* Supplied material:
....

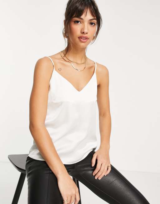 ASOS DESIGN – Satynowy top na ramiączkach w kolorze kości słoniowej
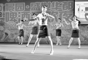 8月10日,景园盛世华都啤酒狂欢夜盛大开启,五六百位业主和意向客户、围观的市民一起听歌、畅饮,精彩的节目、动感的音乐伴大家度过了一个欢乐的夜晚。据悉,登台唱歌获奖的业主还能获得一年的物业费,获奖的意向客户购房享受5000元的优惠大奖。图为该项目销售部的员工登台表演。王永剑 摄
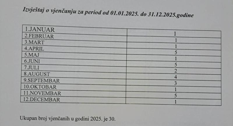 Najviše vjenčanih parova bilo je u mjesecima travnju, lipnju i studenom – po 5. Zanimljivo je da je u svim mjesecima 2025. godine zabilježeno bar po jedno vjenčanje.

....

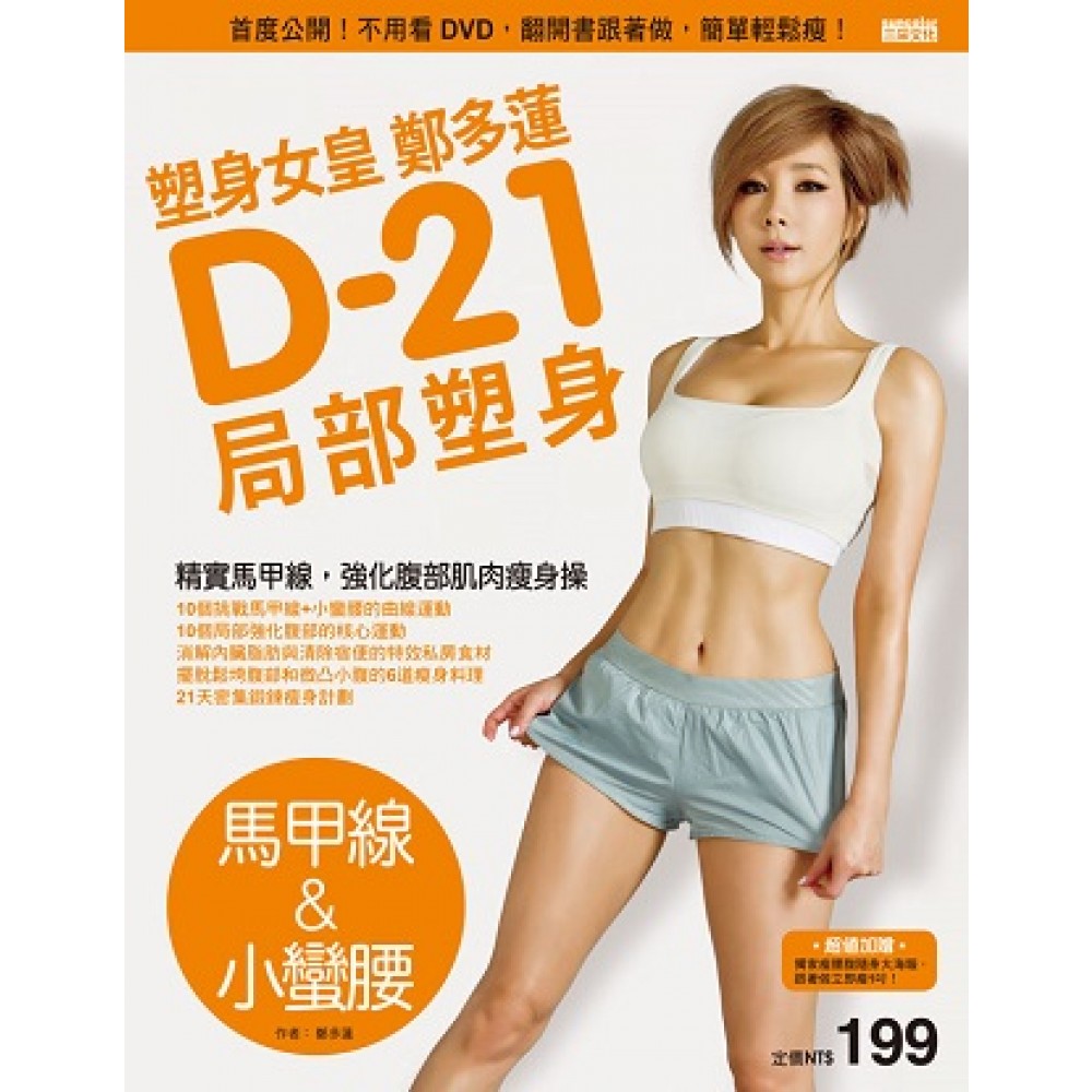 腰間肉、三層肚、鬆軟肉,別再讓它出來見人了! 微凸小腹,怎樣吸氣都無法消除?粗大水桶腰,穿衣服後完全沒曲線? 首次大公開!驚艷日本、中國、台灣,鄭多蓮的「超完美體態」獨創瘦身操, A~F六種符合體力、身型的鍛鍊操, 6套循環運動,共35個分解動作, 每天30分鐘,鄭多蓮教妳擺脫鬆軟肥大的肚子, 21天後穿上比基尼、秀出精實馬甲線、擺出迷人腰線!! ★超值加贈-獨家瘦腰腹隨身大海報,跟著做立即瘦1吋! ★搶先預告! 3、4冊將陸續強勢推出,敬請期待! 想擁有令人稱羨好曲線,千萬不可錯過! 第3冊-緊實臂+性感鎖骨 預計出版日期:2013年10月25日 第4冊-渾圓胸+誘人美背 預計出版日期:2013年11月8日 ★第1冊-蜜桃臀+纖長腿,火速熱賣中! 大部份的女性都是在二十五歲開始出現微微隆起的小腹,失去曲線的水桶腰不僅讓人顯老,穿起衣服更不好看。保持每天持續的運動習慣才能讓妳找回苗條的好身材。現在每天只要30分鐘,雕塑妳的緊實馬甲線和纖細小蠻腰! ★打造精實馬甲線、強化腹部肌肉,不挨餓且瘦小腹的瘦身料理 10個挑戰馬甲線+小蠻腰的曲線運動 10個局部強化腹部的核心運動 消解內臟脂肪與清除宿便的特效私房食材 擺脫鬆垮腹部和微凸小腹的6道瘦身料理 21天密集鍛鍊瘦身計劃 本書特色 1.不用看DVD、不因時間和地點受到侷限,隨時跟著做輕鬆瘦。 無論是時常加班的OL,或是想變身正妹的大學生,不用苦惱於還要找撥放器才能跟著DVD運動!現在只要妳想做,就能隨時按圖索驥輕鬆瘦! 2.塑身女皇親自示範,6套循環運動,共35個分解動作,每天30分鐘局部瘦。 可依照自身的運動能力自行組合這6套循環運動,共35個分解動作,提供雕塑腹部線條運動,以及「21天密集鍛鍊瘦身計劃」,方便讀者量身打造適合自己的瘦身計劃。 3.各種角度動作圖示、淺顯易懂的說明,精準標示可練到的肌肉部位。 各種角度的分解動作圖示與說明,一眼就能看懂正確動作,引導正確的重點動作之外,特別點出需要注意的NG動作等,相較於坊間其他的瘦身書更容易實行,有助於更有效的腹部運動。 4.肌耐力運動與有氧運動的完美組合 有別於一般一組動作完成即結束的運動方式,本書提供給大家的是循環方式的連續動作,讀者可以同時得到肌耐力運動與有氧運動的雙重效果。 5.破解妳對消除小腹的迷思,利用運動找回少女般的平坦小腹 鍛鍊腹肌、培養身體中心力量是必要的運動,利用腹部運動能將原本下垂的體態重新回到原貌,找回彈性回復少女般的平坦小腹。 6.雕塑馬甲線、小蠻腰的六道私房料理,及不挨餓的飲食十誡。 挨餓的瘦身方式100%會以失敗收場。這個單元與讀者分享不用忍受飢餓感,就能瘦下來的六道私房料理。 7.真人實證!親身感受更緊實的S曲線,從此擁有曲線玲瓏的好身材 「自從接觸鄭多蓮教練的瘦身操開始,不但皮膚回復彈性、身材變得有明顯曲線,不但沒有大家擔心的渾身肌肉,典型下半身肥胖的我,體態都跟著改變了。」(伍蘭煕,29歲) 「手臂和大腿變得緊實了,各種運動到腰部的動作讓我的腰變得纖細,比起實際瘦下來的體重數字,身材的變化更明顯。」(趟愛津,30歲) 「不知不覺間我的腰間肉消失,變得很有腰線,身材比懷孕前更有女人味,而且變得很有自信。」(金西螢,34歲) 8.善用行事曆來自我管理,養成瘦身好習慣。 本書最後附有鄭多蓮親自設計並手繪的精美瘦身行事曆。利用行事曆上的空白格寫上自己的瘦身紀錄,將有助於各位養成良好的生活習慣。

....

* Goal of the exercise:
Everything above from the line containing "8月10日,景园盛世华都啤酒" through the line containing "Najviše vjenčanih parova" must be repeated exactly, and the pictures must be left out.

* Exercise answer:
 8月10日,景园盛世华都啤酒狂欢夜盛大开启,五六百位业主和意向客户、围观的市民一起听歌、畅饮,精彩的节目、动感的音乐伴大家度过了一个欢乐的夜晚。据悉,登台唱歌获奖的业主还能获得一年的物业费,获奖的意向客户购房享受5000元的优惠大奖。图为该项目销售部的员工登台表演。王永剑 摄
 Najviše vjenčanih parova bilo je u mjesecima travnju, lipnju i studenom – po 5. Zanimljivo je da je u svim mjesecima 2025. godine zabilježeno bar po jedno vjenčanje.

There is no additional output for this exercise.